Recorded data
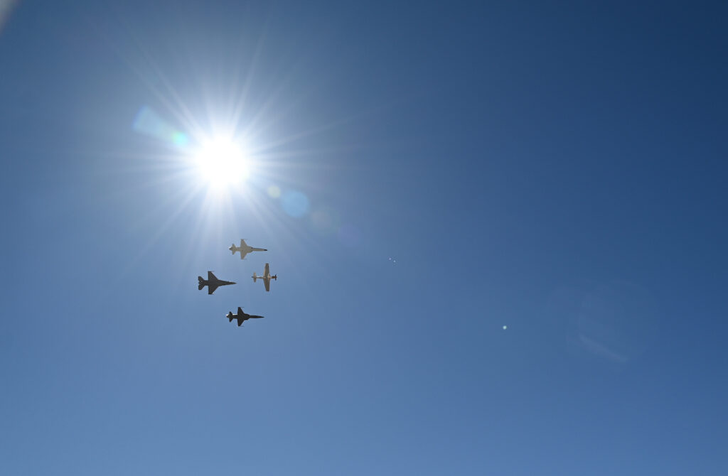 If you have attended an air show in the USA any time in the past couple of decades, the chances are pretty high that you witnessed a formation flight featuring both civilian-owned warbirds and active-duty examples of modern U.S. Air Force combat jets. These ‘Heritage Flights’ started taking place officially in the buildup to the USAF 50th Anniversary celebrations in 1997, and they proved to be extremely popular with the public. As a result, these performances continued in subsequent years, with literally hundreds of appearances having now taken place across the country. Despite the seemingly effortless manner in which these aircraft arc gracefully across the sky, it requires tremendous skill to place aircraft with dramatically different performance characteristics in such tight formations; it also requires a lot of practice. Only a handful of pilots, both active military and civilian, are approved to take part in these formations, and each year they get together before the air show season begins to work up their routines and practice them in flight. The 2024 training clinic, officially known as the Heritage Flight Training and Certification Course, took place this past weekend, hosted by Air Combat Command at Davis-Monthan Air Force Base. Indeed Davis-Monthan AFB has held these aerial demonstration training events every year since 2001. The Air Force Heritage Flight Foundation nonprofit organization helps to fund civilian participation in these air show collaborations.
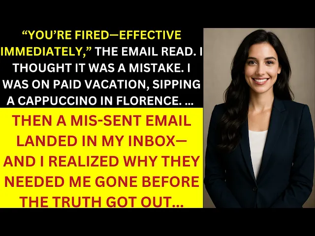 asked Mia, my best friend, watching my face fall. I just got fired, I whispered, the words hanging in the air like a bad dream. by email while I'm on approved vacation.
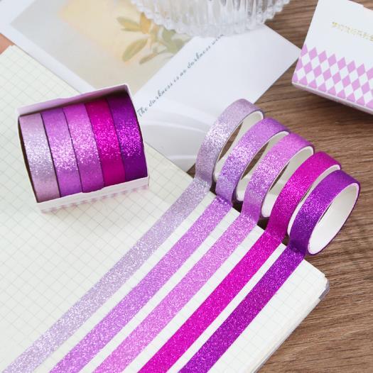 - マスキングテープ グリッター 5巻きセット 紫色 パープル キラキラ ラメ 装飾 製作 誕生日カード
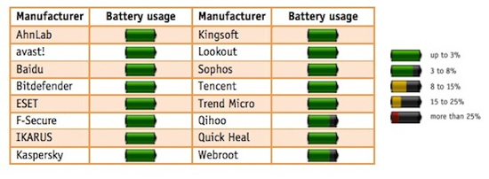 Они протестировали 16 различных продуктов, среди которых – Lookout, ESET, Sophos, Kaspersky, Trend Micro, F-Secure и Avast. Учитывалась не только энергоэффективность, но и работоспособность как антивируса. Для этого приложениям «скормили» более 3 тыс. зловредных приложений. Таблица победителей распределилась следующим образом:
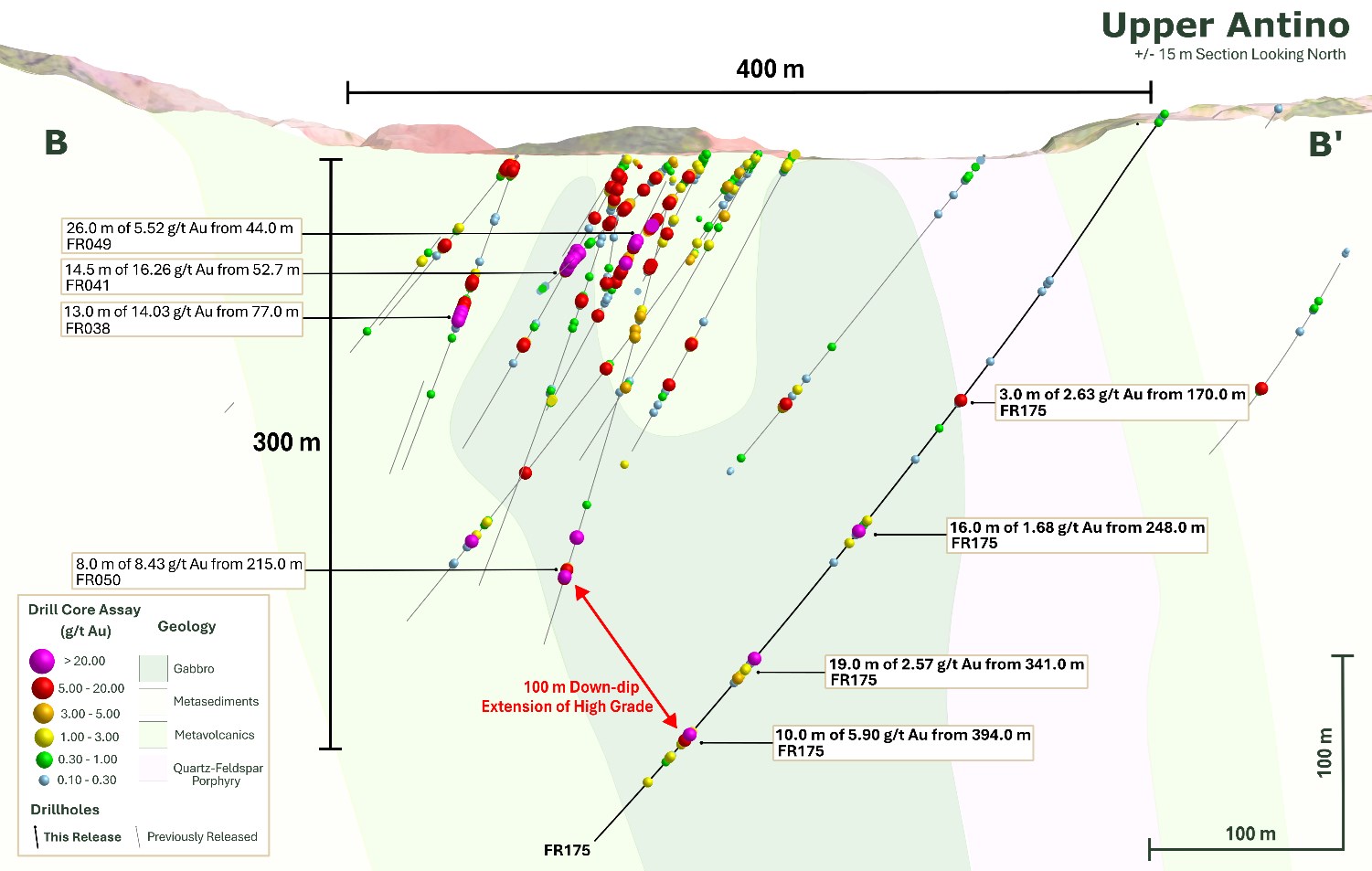 Colin Padget, President & CEO, commented, "These results confirm the robustness of Upper Antino's high-grade gold system. The 10-metre intercept of nearly 6 g/t gold from 394 metres downhole in FR175 confirms we're successfully tracking these structures along strike and deeper into the system. Equally important, follow-up shallower drilling continues to deliver exceptional grades with intervals like the 6 metres of 21.43 g/t gold in drillhole FR183 further reinforcing the high-grade nature of the Upper Antino gold system. With ongoing systematic drilling across multiple targets, we're building a comprehensive understanding of Antino and are positioning ourselves to further define both high-grade and bulk tonnage opportunities across the district."
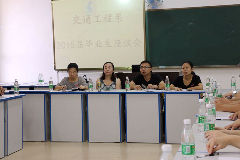 本网讯 6月22日下午,交通工程系在实训一709室举行2015届毕业生座谈会。系党总支副书记徐洪、学生科长薛莉、毕业生辅导员陆晓莉和陈静及30多位来自不同班级和专业的毕业生代表参加了本次会议。会议由系党总支副书记徐洪主持。
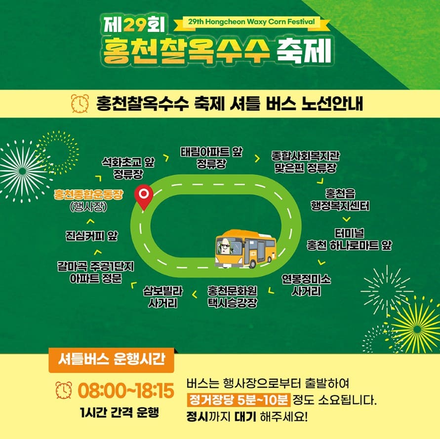 • 장소: 홍천 종합운동장 주차장 (찰옥수수 테마공원 일대)
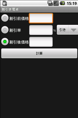 This application calculate "before discount value", "discount rate" or "after discount value" by input the other value.
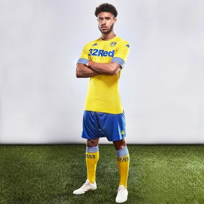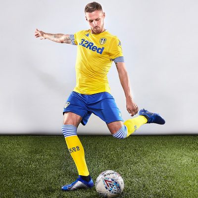 The instantly popular Leeds United 18/19 third jersey uses the yellow from The Whites crest that has often been the main color of their away kits throughout the years. The bottoms of the relatively long sleeves are in the dark blue and white stripes of the first Leeds home kits of almost a century ago. It will makes its debut during Saturday’s trip to West Bromwich Albion.
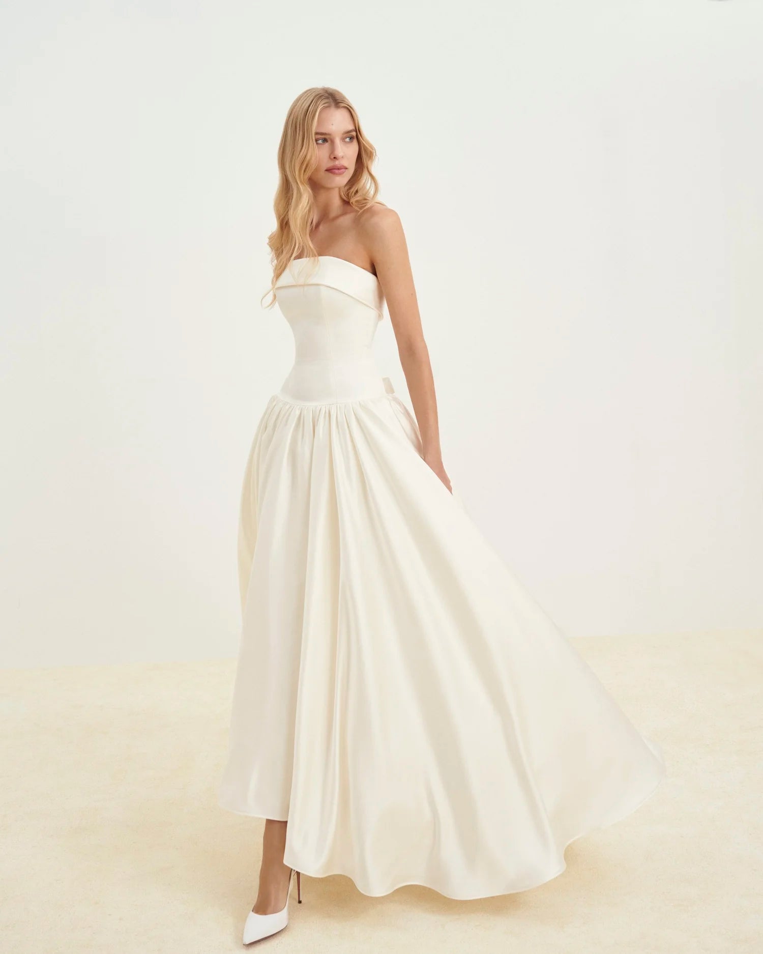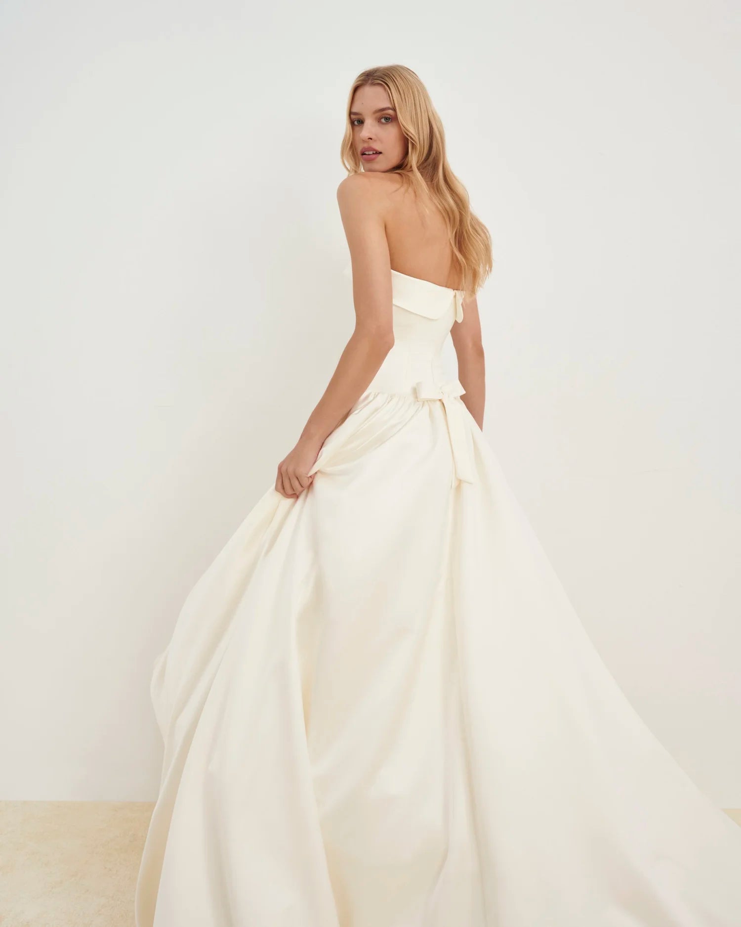 Denne elegante high-low brudekjole kombinerer et figursyet korsetliv med en blød, flydende nederdel i tidløs silhuet. Den stropløse top og det minimalistiske design gør kjolen perfekt til den moderne brud, der ønsker et enkelt og sofistikeret udtryk.
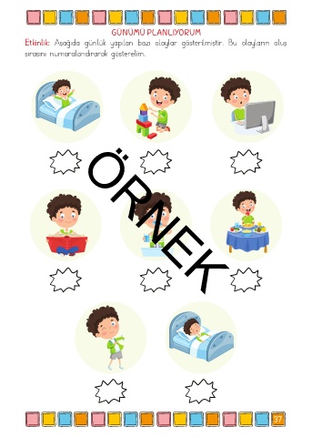 GÜNÜMÜ PLANLIYORUM Etkinlik: Aşağıda günlük yapılan bazı olaylar gösterilmiştir. Bu olayların oluş sırasını numaralandırarak gösterelim. ÖRNEK 37

Problem details
Keep the pictures out of your answer, which should be the lines from the one with "Они протестировали 16" through the final line of the data, copied exactly.

Problem solution
 Они протестировали 16 различных продуктов, среди которых – Lookout, ESET, Sophos, Kaspersky, Trend Micro, F-Secure и Avast. Учитывалась не только энергоэффективность, но и работоспособность как антивируса. Для этого приложениям «скормили» более 3 тыс. зловредных приложений. Таблица победителей распределилась следующим образом:
 Colin Padget, President & CEO, commented, "These results confirm the robustness of Upper Antino's high-grade gold system. The 10-metre intercept of nearly 6 g/t gold from 394 metres downhole in FR175 confirms we're successfully tracking these structures along strike and deeper into the system. Equally important, follow-up shallower drilling continues to deliver exceptional grades with intervals like the 6 metres of 21.43 g/t gold in drillhole FR183 further reinforcing the high-grade nature of the Upper Antino gold system. With ongoing systematic drilling across multiple targets, we're building a comprehensive understanding of Antino and are positioning ourselves to further define both high-grade and bulk tonnage opportunities across the district."
 本网讯 6月22日下午,交通工程系在实训一709室举行2015届毕业生座谈会。系党总支副书记徐洪、学生科长薛莉、毕业生辅导员陆晓莉和陈静及30多位来自不同班级和专业的毕业生代表参加了本次会议。会议由系党总支副书记徐洪主持。
 • 장소: 홍천 종합운동장 주차장 (찰옥수수 테마공원 일대)
 This application calculate "before discount value", "discount rate" or "after discount value" by input the other value.
 The instantly popular Leeds United 18/19 third jersey uses the yellow from The Whites crest that has often been the main color of their away kits throughout the years. The bottoms of the relatively long sleeves are in the dark blue and white stripes of the first Leeds home kits of almost a century ago. It will makes its debut during Saturday’s trip to West Bromwich Albion.
 Denne elegante high-low brudekjole kombinerer et figursyet korsetliv med en blød, flydende nederdel i tidløs silhuet. Den stropløse top og det minimalistiske design gør kjolen perfekt til den moderne brud, der ønsker et enkelt og sofistikeret udtryk.
 GÜNÜMÜ PLANLIYORUM Etkinlik: Aşağıda günlük yapılan bazı olaylar gösterilmiştir. Bu olayların oluş sırasını numaralandırarak gösterelim. ÖRNEK 37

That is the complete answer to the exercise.